That's the mantra of some conservative commentators. Rush Limbaugh has mouthed it. So have a writer from the Cato Institute and several congressional Republicans.

Obama brought it up himself recently during a speech to the American Medical Association in Chicago. He said some critics say his proposed health care reforms were "an attempt to, yes, socialize medicine."

Those who think that understand neither socialism nor medicine. No one at the White House or in Congress has suggested anything remotely like socialized medicine.

The second-favorite criticism of Obama's proposal is that it calls for a "Canadian-style health system." That, too, is wrong.

"Socialized medicine" describes a system in which the government owns hospitals and clinics; employs doctors and nurses; and pays for everyone's care.

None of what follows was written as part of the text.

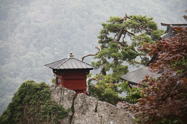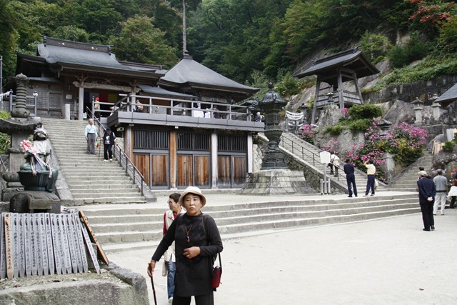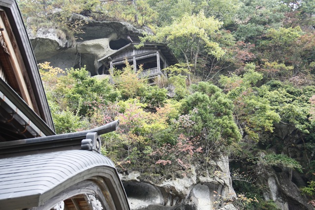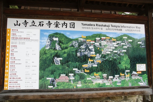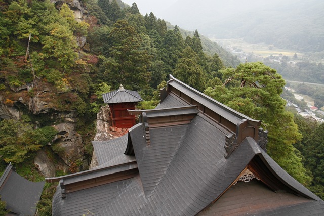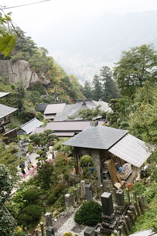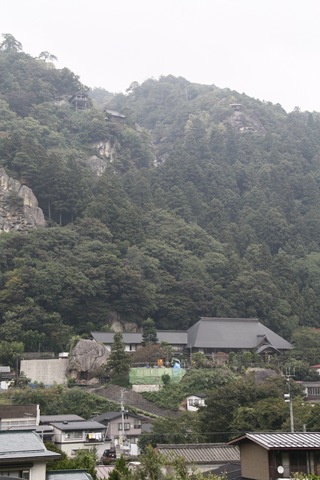 Dès le quai de la garde de Yamadera, la vue est saisissante : on aperçoit quelques bâtisses nichées sur la colline (qui a une bonne gueule de falaise en fait).

That's a pretty good description of the United Kingdom's National Health Service. It also accurately describes the U.S. military and Veterans Affairs medical systems. But not Canada's.

Primary-care doctors north of the border are mostly private practitioners, just like in the United States. Specialists are usually employed directly by hospitals. Most hospitals are what we'd call nonprofit corporations.

Canadians don't even have single national health plan. They get care through one of 13 different plans run mostly by the provinces, not the federal government.

The Canadian system isn't perfect; it's faced serious funding problems in recent years. But the quality of care it provides is often equal to that in U.S. hospitals, and its health outcomes are better.

Canada has a lower infant mortality rate and higher average life expectancy than the United States. It also has 6 percent more hospital beds per person than we do.

Yet the Canadian system costs about half as much per person as ours.

One description that accurately applies to the Canadian system is "single payer," because governments pay for most health care.

Some people have tried to turn that phrase into an epithet like "socialized medicine."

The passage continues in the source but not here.